In many ways, this film is perfect: It is impeccably cast, gorgeously shot, with a spot-on original score.

It is also a brave and interesting film, for a number of reasons - above all because it takes cowardice as its theme, and explores it deeply with an unflinching eye. We see an awful lot of films about bravery, heroism, people risking everything for the sake of others or to Do The Right Thing; the flipside is seldom explored, and it doesn't make comfortable viewing.

Our protagonists here are thoroughly decent people, getting on with what they feel sort of obliged to be doing, but never quite having the courage to do what they really should do. With hindsight, it seems perfectly obvious that it was a grievous mistake to encourage Nazi Germany to re-arm and become a major player in Europe, however ungentlemanly it was to cripple the country at the end of World War One; Lord Darlington's refusal to face up to what was happening smacks of moral cowardice. From outside, too, it seems clear that Hopkins and Thompson are foolish not to just admit they're in love. In spite of this, and in spite of the fact that it seems more and more likely that the characters in question know what they should really do, every one of them is altogether sympathetic. The film is not here to judge; only to probe the devastation that can follow when people allow fear (and a misplaced sense of duty) to hold them back from doing what they should.
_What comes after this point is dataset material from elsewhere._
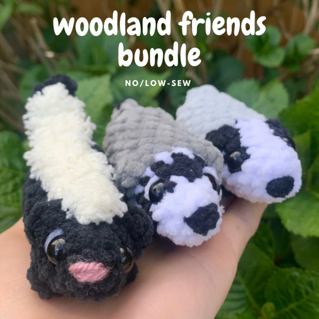 All three patterns require bobble stitches, the badger and raccoon patterns require colour changing! All patterns are quick to work up, the only sewing involved in the skunk pattern is the attaching of the white stripe!

I started out by saying that in many ways this film is perfect. There is no mistaking that it faultlessly achieves what it set out to do; this is serious art, executed with great style, with the two main leads giving devastating performances. Precisely because it tackles its themes so expertly, so convincingly, it is also a rather upsetting and profoundly frustrating film. It makes us care very much about these people, and we keep desperately wanting them to make things go right... but life just isn't always like that, you know?

I first posted this on IMDb, and experimentally on Knol.